Required work
Range to reproduce from the entries below: the line with "Rempseä asiakaspalvelija mättää", the line with "있다. ⓒAP=연합 |", and every line in between. Give them exactly and give nothing else.

Data shown
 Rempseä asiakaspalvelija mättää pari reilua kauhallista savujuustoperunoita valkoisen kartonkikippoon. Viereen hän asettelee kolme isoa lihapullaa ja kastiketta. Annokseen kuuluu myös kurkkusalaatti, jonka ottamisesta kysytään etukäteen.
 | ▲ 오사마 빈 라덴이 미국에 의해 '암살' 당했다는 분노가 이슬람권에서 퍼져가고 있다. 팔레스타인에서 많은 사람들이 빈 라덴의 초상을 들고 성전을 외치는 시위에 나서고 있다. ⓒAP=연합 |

---

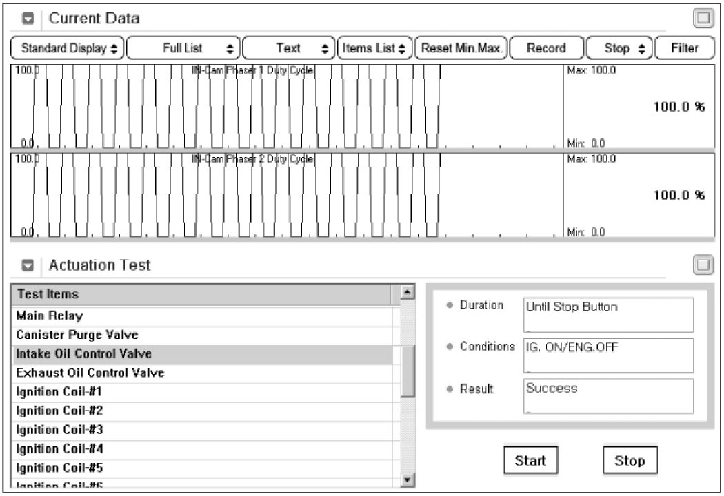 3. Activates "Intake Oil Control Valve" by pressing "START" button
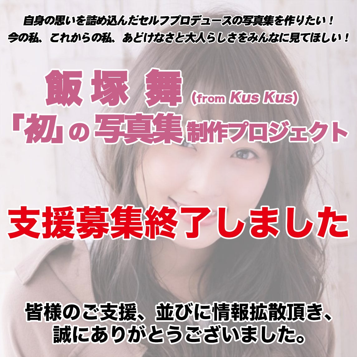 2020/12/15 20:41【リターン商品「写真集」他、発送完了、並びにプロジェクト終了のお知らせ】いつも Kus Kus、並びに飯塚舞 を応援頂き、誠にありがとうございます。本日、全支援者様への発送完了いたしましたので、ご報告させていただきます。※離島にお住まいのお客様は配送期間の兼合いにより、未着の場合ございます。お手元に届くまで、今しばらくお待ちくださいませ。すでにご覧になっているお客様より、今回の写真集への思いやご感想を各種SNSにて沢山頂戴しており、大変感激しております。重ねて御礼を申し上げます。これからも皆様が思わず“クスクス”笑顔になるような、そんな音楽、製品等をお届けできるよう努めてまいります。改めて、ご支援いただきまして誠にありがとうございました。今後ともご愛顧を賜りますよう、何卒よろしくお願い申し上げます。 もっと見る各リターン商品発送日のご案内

Exercise solution
 Rempseä asiakaspalvelija mättää pari reilua kauhallista savujuustoperunoita valkoisen kartonkikippoon. Viereen hän asettelee kolme isoa lihapullaa ja kastiketta. Annokseen kuuluu myös kurkkusalaatti, jonka ottamisesta kysytään etukäteen.
 | ▲ 오사마 빈 라덴이 미국에 의해 '암살' 당했다는 분노가 이슬람권에서 퍼져가고 있다. 팔레스타인에서 많은 사람들이 빈 라덴의 초상을 들고 성전을 외치는 시위에 나서고 있다. ⓒAP=연합 |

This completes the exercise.